Next, we probed whether SAVER-X can effectively learn from healthy immune cells to denoise immune cells sequenced from primary breast carcinoma samples¹⁷. Compared with the no-pretraining model, pretraining on immune cells from healthy tissue (HCA and PBMC 10X Genomics) allowed us to better characterize the tumor-infiltrating immune cell types in multiple subjects (Figure 2d, Figure S6). Meanwhile, a tumor-associated immune cell subpopulation remained identifiable after transfer learning. In particular, SAVER-X preserved the elevated immunoglobulin production signature in this disease-specific cell state (Figure 2e, Figure S7). This population was absent in the normal tissue, and we validated its immunophenotype by the presence of markers such as LYZ. Cell-type specific gene expression differences between paired tumor and normal tissues were also preserved in all patients with paired tissues and for both two cell-types vital in immune-surveillance (Figure 2f). These results highlight that SAVER-X can effectively harness public immune cell data from healthy conditions to denoise immune cells from disease conditions, while preserving disease-specific signatures.

Finally, we considered cross-species transfer learning using scRNA-seq data from cells in the developing ventral midbrain of both mouse and human¹³. We sampled 10% of the reads in the human data¹³, reducing it to a median-per-cell coverage of 452 UMIs, and utilized the original data as reference to gauge denoising accuracy. We split the human cells randomly into two groups, down-sampled the reads of one group and reserved the other group for pretraining (Figure S8a). SAVER-X pretrained on the matched mouse brain cells led to a noticeable improvement, compared to no-pretraining, in for human cell classification (Figure 3b). Pretraining on both human and mouse cells further improved the denoising accuracy compared to pretraining on human cells alone (Figure S8bd). Moreover, pretraining SAVER-X on cells from regions other than the ventral midbrain⁷ was beneficial, and so was pretraining on three human non-UMI datasets^18–20 together with mouse cells (Figure S8b). These experiments demonstrate the merit of transfer learning across species in general and practical settings where the anatomical regions and experimental protocols might differ between the pretraining and target data.

Figure 3: — Mouse to human transfer learning within the developing ventral midbrain.

a) t-SNE plots for the down-sampled data (n=1000 cells) and SAVER-X with different pretraining models. Reference cell labels are obtained from the original paper. The ARI displayed at the bottom-right corner of each plot is computed against the original labels. b) Log fold-change between human and mouse data in 4 major cell types. The X-axis shows the log fold-change computed using the original human data, and the Y-axis denotes the changes computed using the denoised down-sampled human data, wherein the denoising is done by SAVER-X pretrained with mouse cells. Each dot corresponds to a differentially expressed gene between human and mouse in that cell type. c) Box plots across all 20560 genes (showing the median, two hinges and two whiskers, outliers omitted) of the log ratios of the estimated variances compared with the reference data variances.

We then scrutinized whether a model pretrained on mouse data biases the estimates for genes with human-specific expression.

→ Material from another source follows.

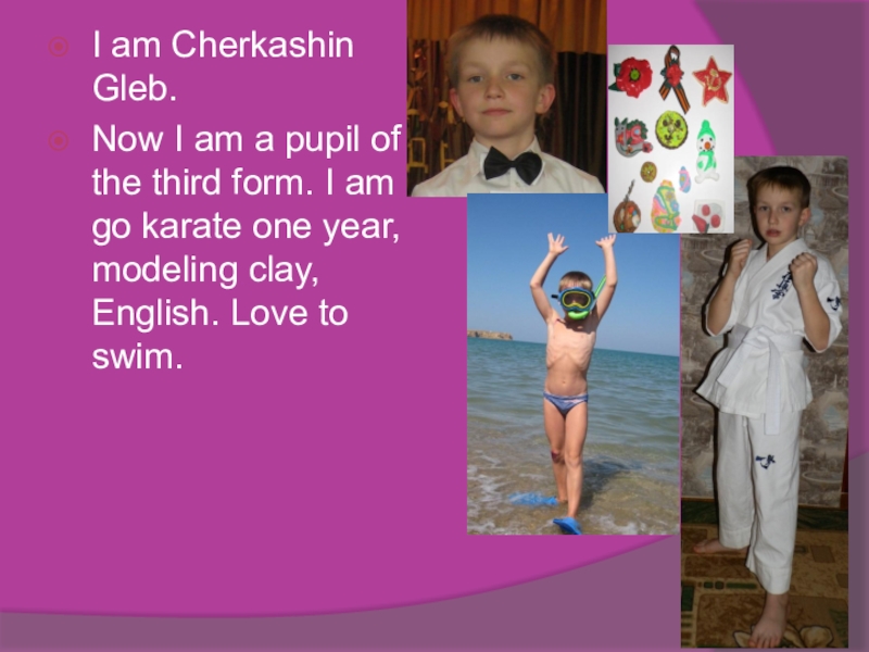 I am Cherkashin Gleb.Now I am a pupil of the third form. I am go karate one year, modeling clay, English. Love to swim.

We computed the log fold-change in cell type-specific average expression between human and mouse, and identified genes differentially expressed between the two species for four cell types. Denoising the down-sampled human data with SAVER-X pretrained on mouse cells preserved the log fold-changes (Figure 3b). In contrast, simply relying on the autoencoder, without cross-validation and shrinkage, reduced the fold-change for some genes (Figure S8c). Unlike other methods, SAVER-X also preserved the variance of genes across cells (Figure 3c).

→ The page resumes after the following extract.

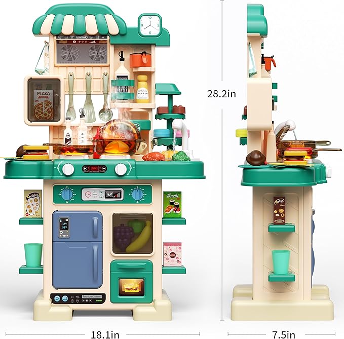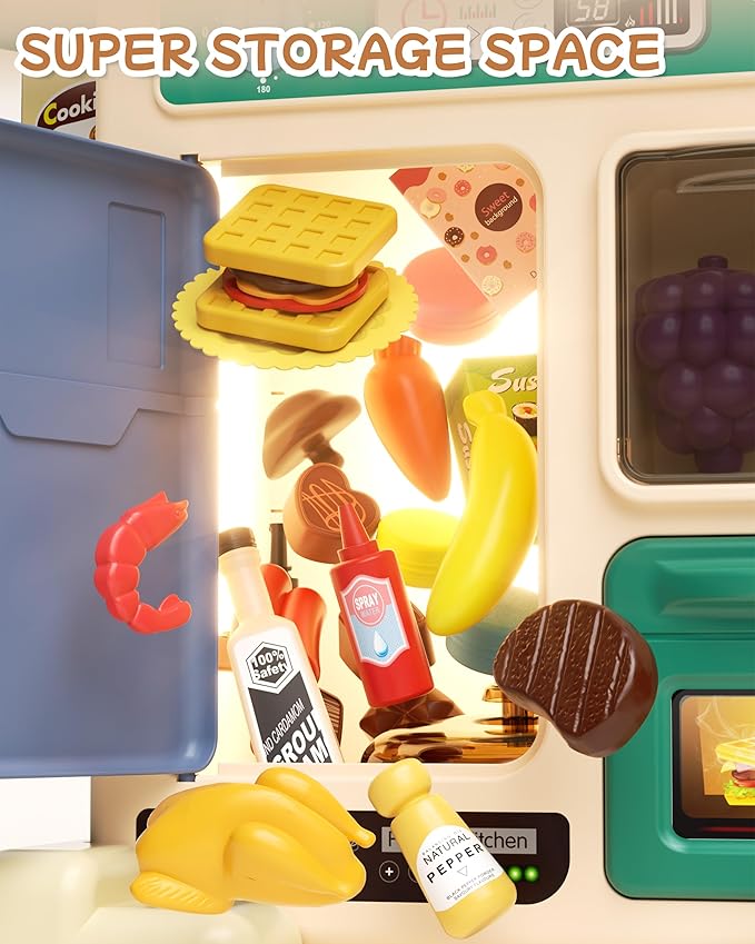 • 【Immersive Kitchen Play Experience】Dive into the world of cooking with this fantastic interactive toy kitchen set! Featuring a glowing electric stove, realistic cooking sounds, a running water sink, various toy foods, and kitchen accessories. Stay organized with ample storage including a refrigerator, oven and shelf.

Taken together, our results demonstrate that SAVER-X’s framework can leverage existing data to improve the quality of new scRNA-seq datasets. At its core, SAVER-X trains a deep neural network across a range of study designs, and applies this model to new data to strengthen shared biological patterns. Transfer learning changes the approach to scRNA-seq data analysis from a process of study-specific statistical modeling to an automated process of cross-study data integration and information sharing.

Online Methods

Statistical model of SAVER-X

As stated in the main text, SAVER-X uses a statistical hierarchical model to decompose the randomness of observed UMI counts into three parts. Assume that the observed data is Y = (Y_gc)_G×C where g represents a gene and c represents a cell. Also, assume that the true relative gene expression is X = (X_gc)_G×C where X_gc is the proportion of RNA copies of gene g in cell c. First, for the technical noise of UMI counts, it was shown^12,21 that a Poisson model,

Y_{g c} ~ Poisson (l_{c} X_{g c})

where l_c = ∑_g Y_gc is the library size of cell c, has substantial empirical and logical support. Thus, both SAVER and SAVER-X have adopted this model for the technical noise and only support denoising scRNA-seq data with UMI. Next, to quantify the biological variation, we assume that the true gene expression X_gc is derived by adding independent fluctuations for each gene to an underlying gene-gene correlated component Λ_gc, as follows:

X_{g c} ∣ Λ_{g c} ~ Gamma (Λ_{g c}, θ_{g} Λ_{g c}^{2})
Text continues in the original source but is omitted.